Esa educación en la comunidad nos resultaba difícil, especialmente a algunos de nosotros, radicales "antisistema", al confrontar la realidad de la autoridad de Dios. De hecho para todos era un poco incómoda al confrontar nuestro propio egocentrismo en las relaciones.

¿Has hecho algo malo? Pues no trates de encubrirlo esperando que nadie lo mencione Admítelo, responsabilízate por ello y pídeles a tus hermanos y hermanas que te perdonen ¿Tu hermano te defraudó, habló mal de ti, dañó algo tuyo? Háblale del asunto.

¿Te pidió perdón? Bueno, perdónalo como Dios te perdonó a ti ¿Hiciste una promesa? Haz todo lo que puedas por cumplirla, porque Dios es un Diosque guarda sus promesas y quiere que seamos como él.

A pesar de esta disciplina cotidiana de poner en práctica la palabra de Dios, todo el asunto nos llenaba de regocijo. Aprendíamos algo y ese mismo día o al día siguiente ya estábamos tratando de vivirlo con entusiasmo y gozo, a veces con sufrimiento.

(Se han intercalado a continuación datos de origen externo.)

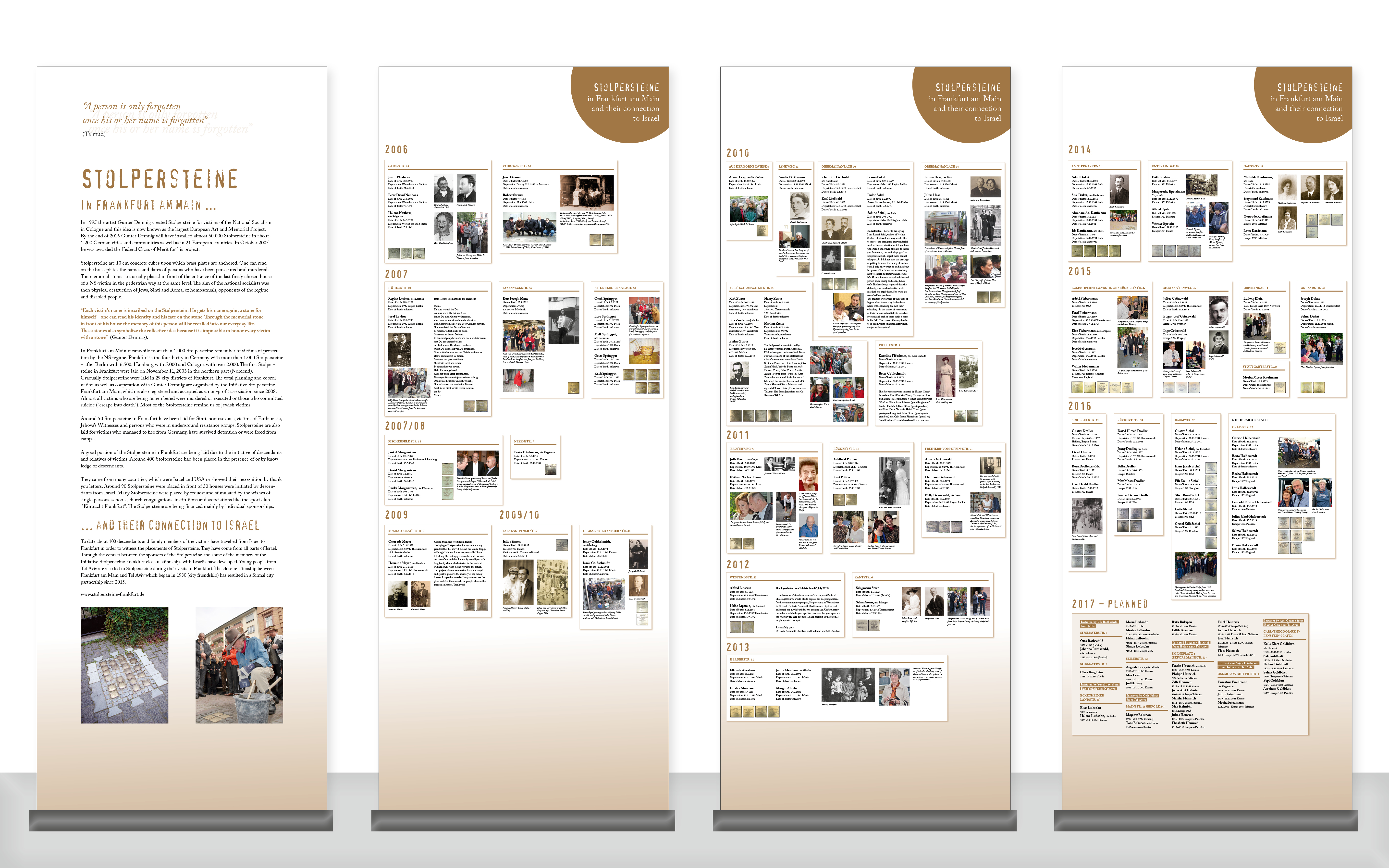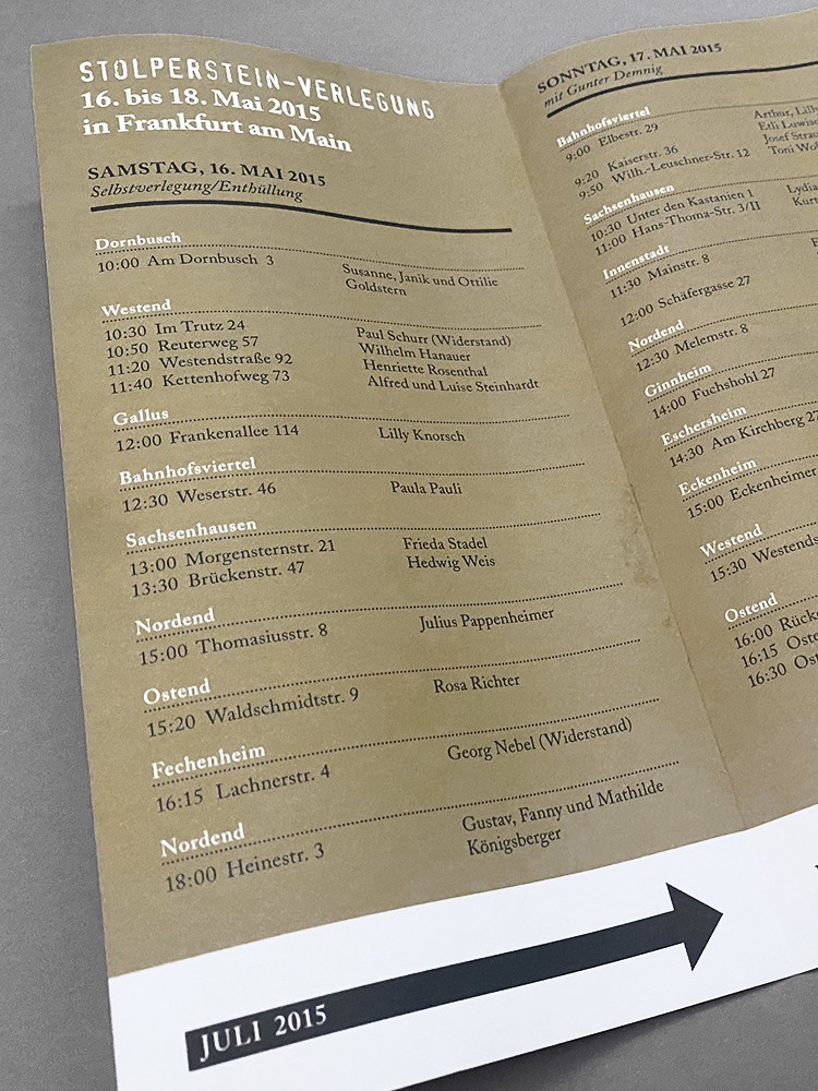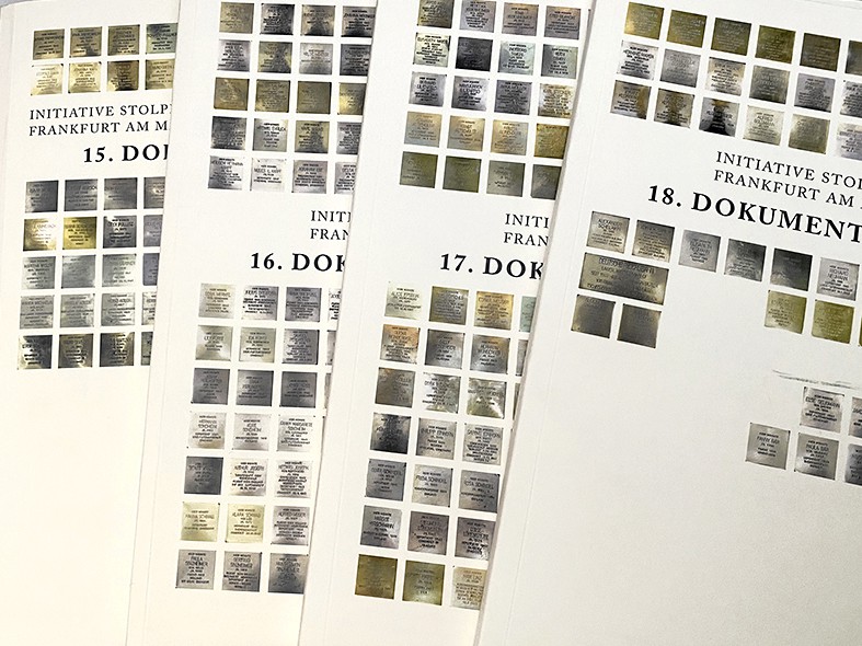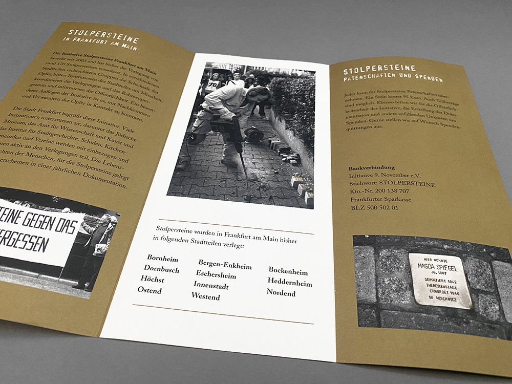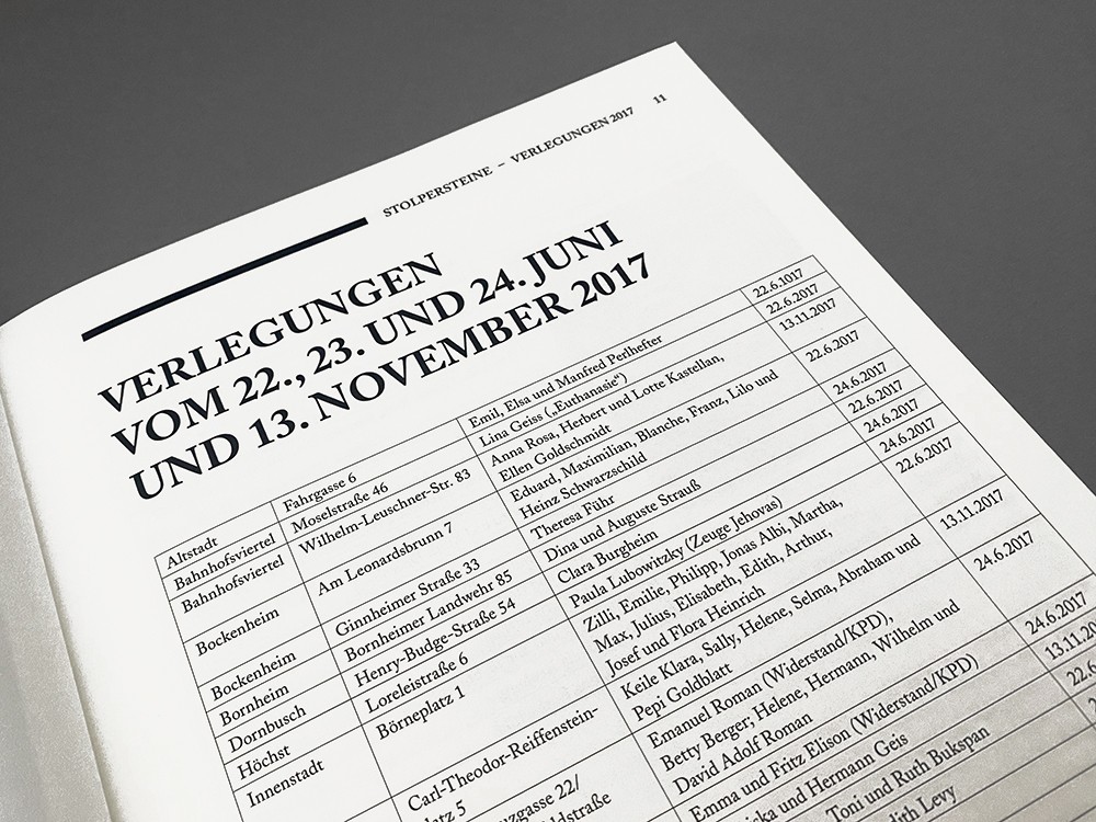 Satz der bis 2021 jährlich erscheinenden Dokumentation mit den Einzelschicksalen der Personen, für die ein Stolperstein verlegt wurde. Gestaltung und Satz der Urkunden, diverser Flyer und der Website.

Nuestra alegría nos mandaba a las carreteras y caminos de nuestra ciudad universitaria para llamar a todos los que pudiéramos a que vinieran a compartir la riqueza de nuestra vida conjunta. Al ir creciendo el número, Dios siguió hablando acerca de la comunidad, acerca de su deseo de integrar grupos de personas —incluso a nuestro grupo— para que fueran un pueblo cuya propia vida y relaciones reflejaran la naturaleza de Dios. También aprendimos que Dios tenía en mente muchísimo más que esa obra suya en esa ciudad universitaria del Medio Oeste de los Estados Unidos Una de las cosas más impresionantes de formar parte de la comunidad en aquellos primeros días en Ann Arbor, Michigan, era la fuerte convicción de que habíamos sido atrapados en una gran acción de Dios. Notábamos las evidencias por todas partes: hombres y mujeres escuchaban la palabra de Dios y sus vidas se transformaban. Dios hablaba y lo que decía se hacía realidad. Y ante nuestros propios ojos esa obra de Dios iba creciendo con asombrosa celeridad.

Quienes asistieron a una minúscula reunión de oración en Ann Arbor en Diciembre de 1967 (había allí quizás unas 15 personas) escucharon una profecía muy especial.

Ustedes van a recoger una cosecha que ustedes no sembraron. Van a sembrar, y en los años venideros verán la cosecha. La obra que ustedes han visto comenzar aquí se va a extender... Yo voy a traer a muchos otros a ustedes... y los voy a bautizar en mi Espíritu Santo. Voy a suscitar hijos e hijas para mi obra. En medio de ustedes se va a levantar una cruz luminosa de mi cuerpo... Yo voy a mandar a ustedes gente de todo el país para recibir un mensaje que van a llevar de regreso (consigo).

En cosa de unos breves años esa profecía se cumplió, ya que cientos de personas llegaban cada año a visitar la comunidad procedentes no sólo de todo el país sino de todo el mundo. Menos de ocho años después de que se diera esa profecía, la comunidad ya tenía que mantener casas de huéspedes para atender a las 1.500 personas que llegaban cada año a visitar la comunidad y a ver lo que Dios estaba haciendo allí.

Tal como había sido profetizado, muchos llegaban a Ann Arbor y captaban una visión de la comunidad cristiana vivida en el poder del Espíritu Santo y regresaban a sus hogares para ponerla en práctica ellos mismos. En aquellos primeros años se estaban sembrando las semillas que más tarde produjeron una cosecha de vida de comunidad cristiana en diversas partes del mundo.